--- Input data ---
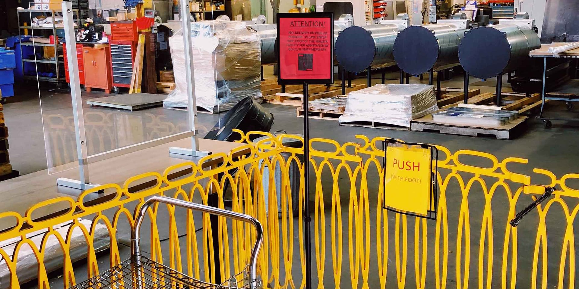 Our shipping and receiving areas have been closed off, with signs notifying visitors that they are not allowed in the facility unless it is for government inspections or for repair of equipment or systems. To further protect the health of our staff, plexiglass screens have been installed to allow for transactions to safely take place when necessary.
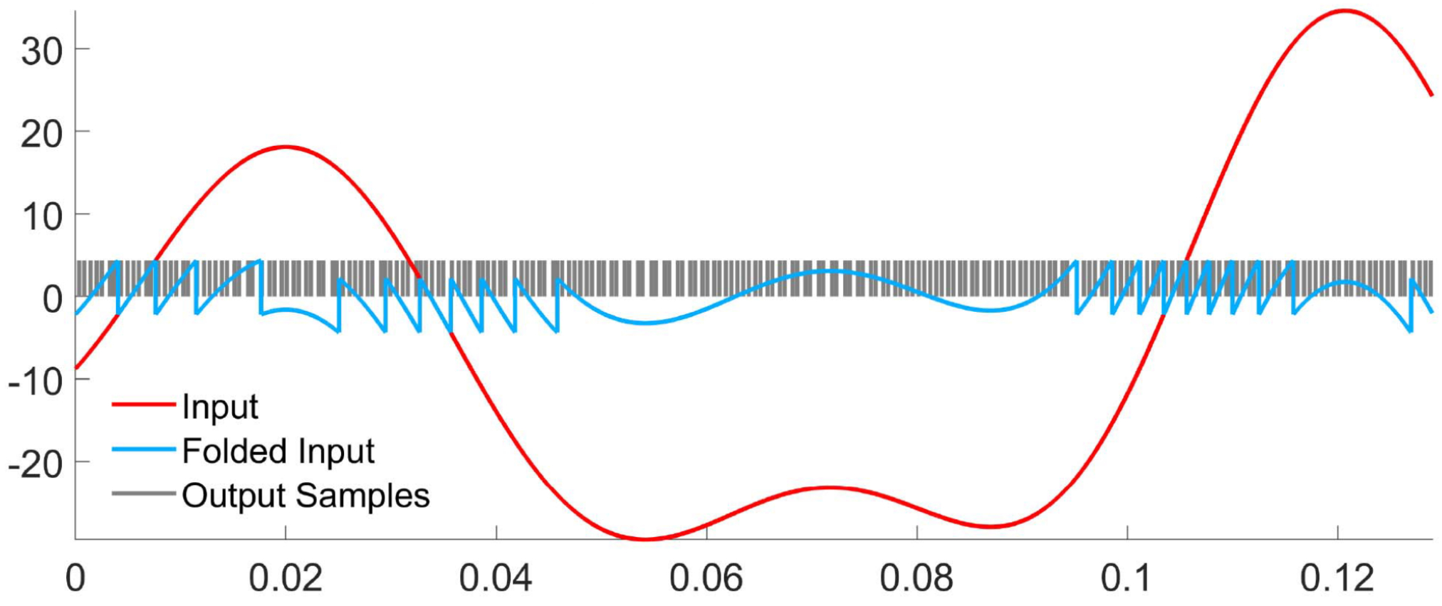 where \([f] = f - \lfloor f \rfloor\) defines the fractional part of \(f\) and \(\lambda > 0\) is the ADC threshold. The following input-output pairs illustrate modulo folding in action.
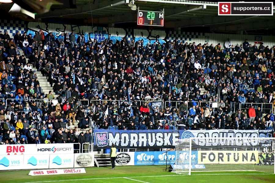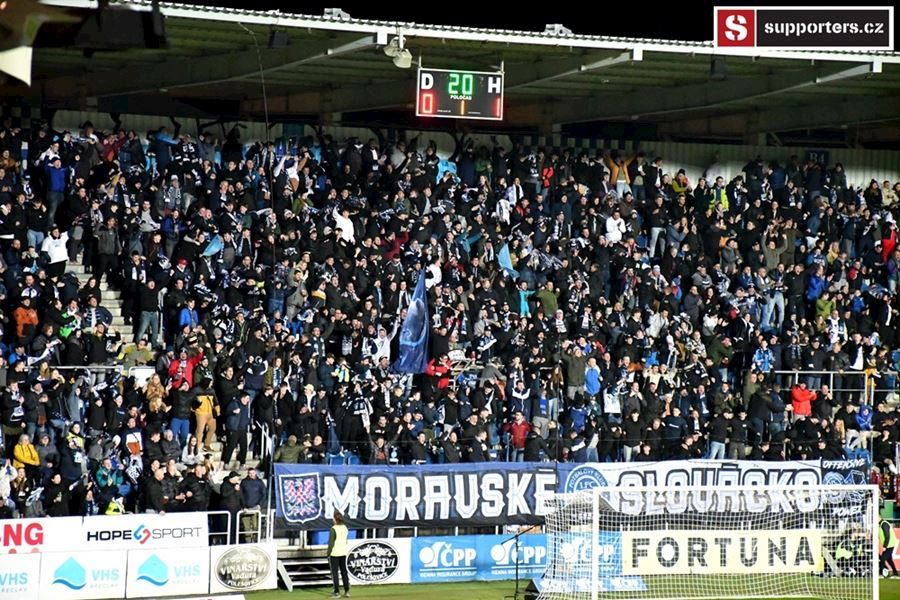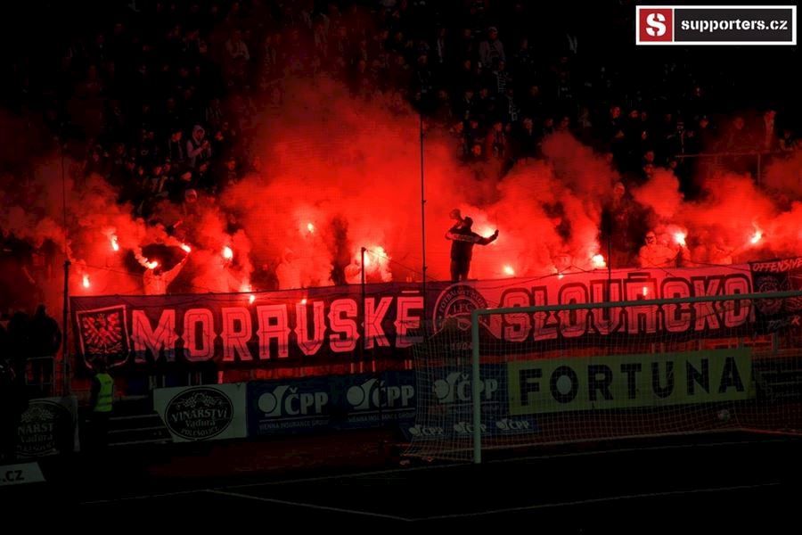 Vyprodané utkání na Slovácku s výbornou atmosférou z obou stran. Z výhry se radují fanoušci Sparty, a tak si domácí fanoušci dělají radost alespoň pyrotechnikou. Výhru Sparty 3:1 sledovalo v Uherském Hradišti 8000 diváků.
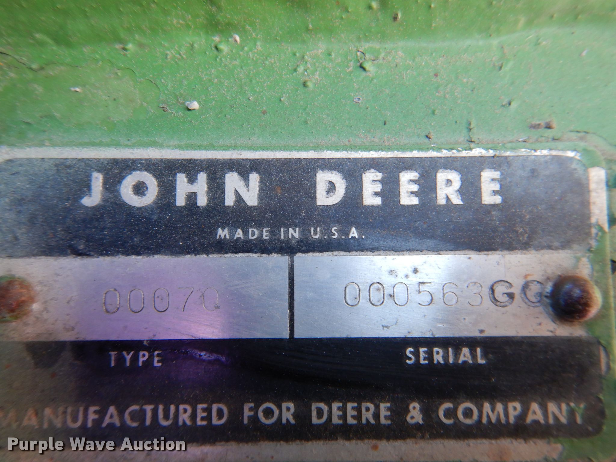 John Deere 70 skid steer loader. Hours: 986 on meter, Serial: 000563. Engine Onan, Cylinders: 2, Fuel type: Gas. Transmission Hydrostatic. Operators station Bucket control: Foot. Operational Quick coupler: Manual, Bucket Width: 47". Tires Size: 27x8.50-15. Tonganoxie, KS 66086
---
# [Directions]
Repeat the full listing above without altering a word, and skip the pictures.

# [Problem solution]
 Our shipping and receiving areas have been closed off, with signs notifying visitors that they are not allowed in the facility unless it is for government inspections or for repair of equipment or systems. To further protect the health of our staff, plexiglass screens have been installed to allow for transactions to safely take place when necessary.
 where \([f] = f - \lfloor f \rfloor\) defines the fractional part of \(f\) and \(\lambda > 0\) is the ADC threshold. The following input-output pairs illustrate modulo folding in action.
 Vyprodané utkání na Slovácku s výbornou atmosférou z obou stran. Z výhry se radují fanoušci Sparty, a tak si domácí fanoušci dělají radost alespoň pyrotechnikou. Výhru Sparty 3:1 sledovalo v Uherském Hradišti 8000 diváků.
 John Deere 70 skid steer loader. Hours: 986 on meter, Serial: 000563. Engine Onan, Cylinders: 2, Fuel type: Gas. Transmission Hydrostatic. Operators station Bucket control: Foot. Operational Quick coupler: Manual, Bucket Width: 47". Tires Size: 27x8.50-15. Tonganoxie, KS 66086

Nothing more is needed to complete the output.